From what I've seen, the only method of enforcement for a third-party country is to ban the sale of goods in their respective markets following the merger (like GE/Honeywell in the early 2000s). Would that even be possible in this case?
Not sure how this is enforced. Generally the merger falls apart if there are any indications of this happening.
Don't forget that these are public companies and a stopped merger can affect their stock. Besides, major investors would eat the board alive if they put the company in such situation.
Antitrust regulators power is determined by the size of the market, not the location of the company HQ.
Antitrust regulators for big markets like the US, EU can effectively block mergers from any internationally operating company. Both AMD and Nvidia need access to EU - their customers certainly do.
> Antitrust regulators power is determined by the size of the market, not the location of the company HQ.
> Antitrust regulators for big markets like the US, EU can effectively block mergers from any internationally operating company. Both AMD and Nvidia need access to EU - their customers certainly do.
They could block the merger and if the companies decided to go ahead with it anyway, the EU would ban imports. But, wouldn't that further consolidate the market?
What I mean is, in what practical way could the EU ban ARM/Nvidia from their market, considering these manufacturers' chips are in many devices? Would that mean devices with those components would also be banned?
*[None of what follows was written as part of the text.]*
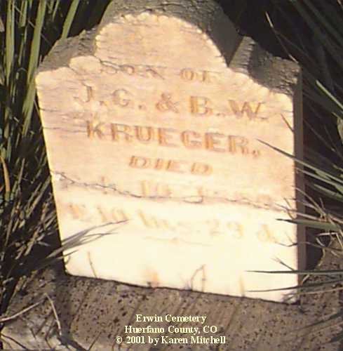 Krueger, Julius E.born --- died 2-16-1880 10m 29d, Son of J.G. and B.W. Krueger back of stone

What I'm trying to get at is, with a sufficiently large merger, the emerging company may produce products so ubiquitous that it would be impractical to bar them from your economy, due to the widespread use of their products and their integration into other products.
Not that I disagree with you, but ARM doesn’t sell hardware—they sell licenses to designs of the aforesaid. Nonetheless, don’t forget that nVidia, insofar as it sells hardware in the EU, would definitely be within the scope of local anti-trust authorities.
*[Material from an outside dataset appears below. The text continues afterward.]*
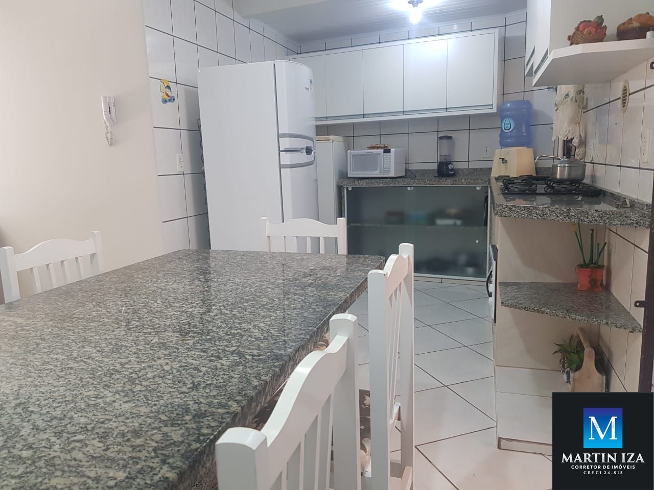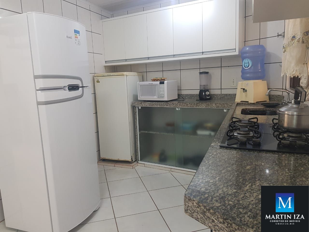 -Cozinha completa equipada com fogão, geladeira, micro ondas e utensílios básicos.

I don’t see this being much liked by those authorities, either. nVidia is clearly interested in doing this deal because it will give them competitive advantages, and it’s pretty clear by their behaviour versus other firms (including Apple!) that they have so much of that already that they don’t have to “play nice”. Giving them further purview to do as they please is basically what anti-trust is designed to prevent, whether you focus on industry relations or the ascendant on consumers.